In some examples, the processor comprises a command processing unit to: divide a job to be executed into a plurality of tasks comprising the task; determine a job-based parameter associated with the job, for use in conjunction with the task-based parameter in determining the position within the array of the particular data descriptor of the particular portion of data to be processed in executing the task; and issue the task to a processing module of the processor, the task further comprising the job-based parameter, wherein the processing module is to obtain the particular data descriptor from the storage system based on the array location data, the task-based parameter, and the job-based parameter. This for example allows appropriate data descriptors to be accessed in a straightforward manner for different jobs. In a similar manner to use of the task-based parameter, the job-based parameter for example allows the same control instructions to be used to control execution of different jobs, e.g. using different job-based parameters as an input to the control instructions in order to access different data descriptors for different jobs, so as to obtain different portions of data for processing. This can for example reduce the amount of control data to be generated and stored compared to other approaches that require different control instructions for different jobs. Use of the task-based and job-based parameters for example allows the same main program description to be used for various different tasks and jobs, with only the value of the task-based and job-based parameters provided as an input to the main program description needing to change for a given task and job. As the main program description is the same for various tasks and jobs, it can be cached and re-used for subsequent tasks and jobs executed on the same core or a different core (e.g. if the processor is a multi-core processor).

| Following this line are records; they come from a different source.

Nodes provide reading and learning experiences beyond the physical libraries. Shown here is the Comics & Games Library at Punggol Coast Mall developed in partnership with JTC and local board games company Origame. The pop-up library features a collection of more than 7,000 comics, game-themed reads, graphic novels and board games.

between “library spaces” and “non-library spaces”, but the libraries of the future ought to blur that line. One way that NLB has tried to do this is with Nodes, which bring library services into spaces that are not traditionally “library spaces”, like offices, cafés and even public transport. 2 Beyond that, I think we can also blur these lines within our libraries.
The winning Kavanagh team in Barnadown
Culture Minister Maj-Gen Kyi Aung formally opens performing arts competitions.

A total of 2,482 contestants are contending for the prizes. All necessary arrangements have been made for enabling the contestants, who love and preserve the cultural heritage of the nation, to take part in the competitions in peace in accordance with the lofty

In some examples, the processor is to execute a plurality of jobs comprising the job, each job comprising processing of a different respective section of the data, each respective section of the data corresponding to a respective task of the plurality of tasks and comprising a different set of portions of data, wherein each set of portions of data is represented by a set of data descriptors at a different respective set of positions within the array, and the job-based parameter is representative of a job start position within the array of a data descriptor of a portion of data to be processed to start execution of the job. Use of a job-based parameter representing a job start position within the array of the data descriptor of the portion of the data to be processed to start execution of the job for example allows the data descriptor for this data to be easily identified.

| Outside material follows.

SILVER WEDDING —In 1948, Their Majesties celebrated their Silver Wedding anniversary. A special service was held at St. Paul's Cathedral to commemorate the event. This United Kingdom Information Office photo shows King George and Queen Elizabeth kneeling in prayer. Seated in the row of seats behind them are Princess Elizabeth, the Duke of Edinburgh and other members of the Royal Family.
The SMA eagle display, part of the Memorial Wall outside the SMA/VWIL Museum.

The task-based parameter may be representative of an index of the task in the plurality of tasks of the job. This for example further facilitates the identification of a position with the array of a particular data descriptor corresponding to a particular task of a job, so that the particular data descriptor can be easily obtained.

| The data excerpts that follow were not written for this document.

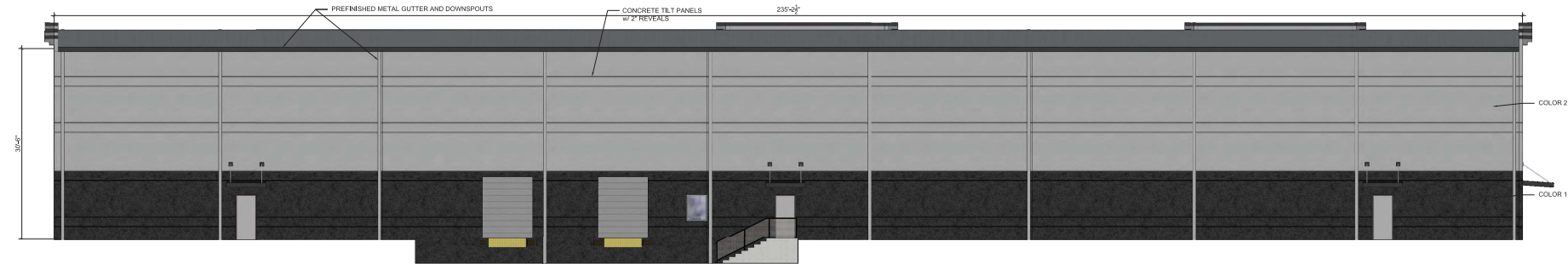
2 WEST ELEVATION SCALE: 1/8" = 1'-0"
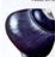
Black Top Shell (W)

Polinices limax To 1 in. (2.5 cm) high Rounded shell is grayish to brownish, (dark to red) to bore holes into biofilms.
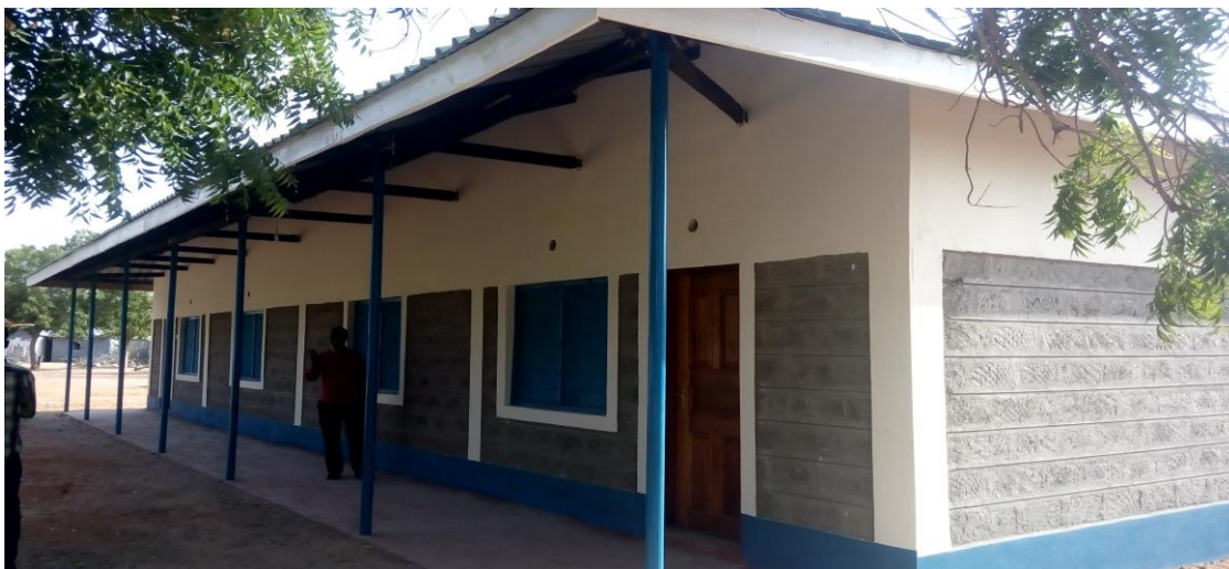
Completed 2 classrooms at the Dadaab Integrated Learning Centre

The Dadaab integrated educational centre focuses on Early Child Development (ECD) within Dadaab Township. Having began in 1992, the centre currently has 350 children (200 boys and 150 girls). The challenge that the center has faced over time is inadequate infrastructure including classroom, toilets, and lack of clean water. The two new classrooms now accommodate 30 pupils each who have conducive learning environment. We expect that the resulting impact of these facilities will be improved educational performance and childhood development.

In some examples, to obtain the data descriptor from the storage, the processing module is to determine the position within the array of the particular data descriptor of the particular portion of data by combining the job start position with the index. This for example allows the position to be straightforwardly calculated by a combination of both task-based and job-based information.

In some examples, the command processing unit is to: receive, from a host processor, a command to cause the job to be executed, the command comprising: a first parameter for determining the task-based parameter; and a second parameter for determining the job-based parameter. This for example allows the task-based and job-based parameters to be determined from first and second parameters provided by the host processor, which facilitates use of the same control instructions (e.g. included in the command or generated in response to the command) to implement processing for different tasks and/or jobs. This allows the same control instructions to be re-used for different tasks and/or jobs, which can reduce storage and bandwidth requirements for storing and transmitting control instructions.

In some examples, the processing module is a first processing module for executing tasks of a first task type generated by the command processing unit and the processor comprises: a plurality of compute units, wherein at least one of the plurality of compute units comprises: the first processing module; a second processing module for executing tasks of a second task type, different from the first task type, generated by the command processing unit; and a local cache shared by at least the first processing module and the second processing module, wherein the command processing unit is to issue the plurality of tasks to at least one of the plurality of compute units, and the at least one of the plurality of compute units is to process at least one of the plurality of tasks. This for example enables the issuance of tasks to different processing modules, which improves the efficiency and resource usage of the processor and reduces component size. For example, tasks can be issued to processing modules that are optimized for performance of a given task type.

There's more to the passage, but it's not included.